A have recently been called to facilitate a prioritization process for an upcoming MVP (Minimum Viable Product). A nice approach that presents formal results and works in real world is to use a prioritization worksheet as described in the book “A Project guide to UX design” by Russ Unger and Carolyn Chandler http://projectuxd.com/.
A created a more “automated” version of this worksheet in google drive.
Prioritization Worksheet (Google Drive Link)
where I used the following rules:
The worksheet was completed by 4 key members:
- Business importance: Product Manager
- User importance: UX Designer
- Technical feasibility: Software Architect
- Resource feasibility: Project Manager
Each member rated his field by the rating rules and then a custom formula applied:
(Business + User importance) – (Technical + Resource feasibility) = Feature score
Features are then prioritized by their score which is a 4 members opinion.
Implications:
Each member should have conducted the required research and rate based on validated knowledge.
- business importance requires defined and clear business goals
- user importance requires user research (at least)
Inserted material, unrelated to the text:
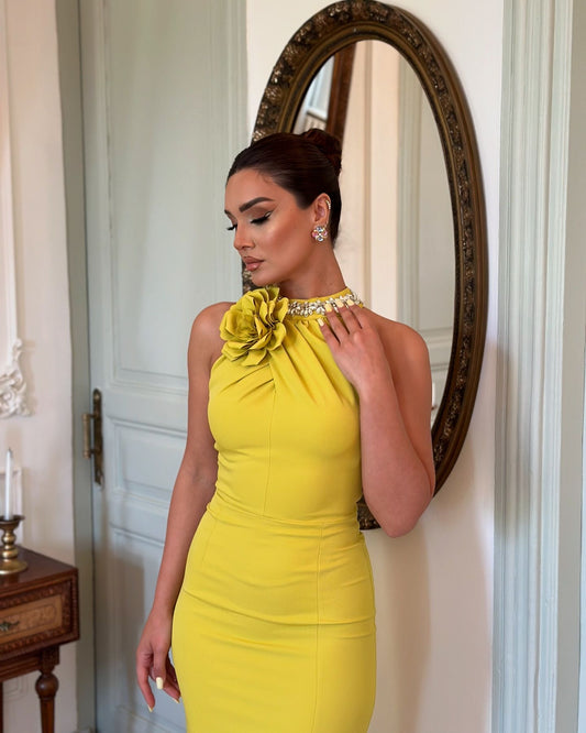 Halter Embellished Draped Midi Dress Neon Green HV8723

- technical feasibility requires technology knowledge and high-level architecture
- resource feasibility requires knowledge of team performance and project planning.
Additionally the initial feature set has to be well defined. New feature ideas should then pass the same process.
The results are presented below:
We processed in implementing the features with score over 0.
Value: we decided in a formal level on what features we should focus for this MVP.
What’s next? Create a prototype and test it with real users.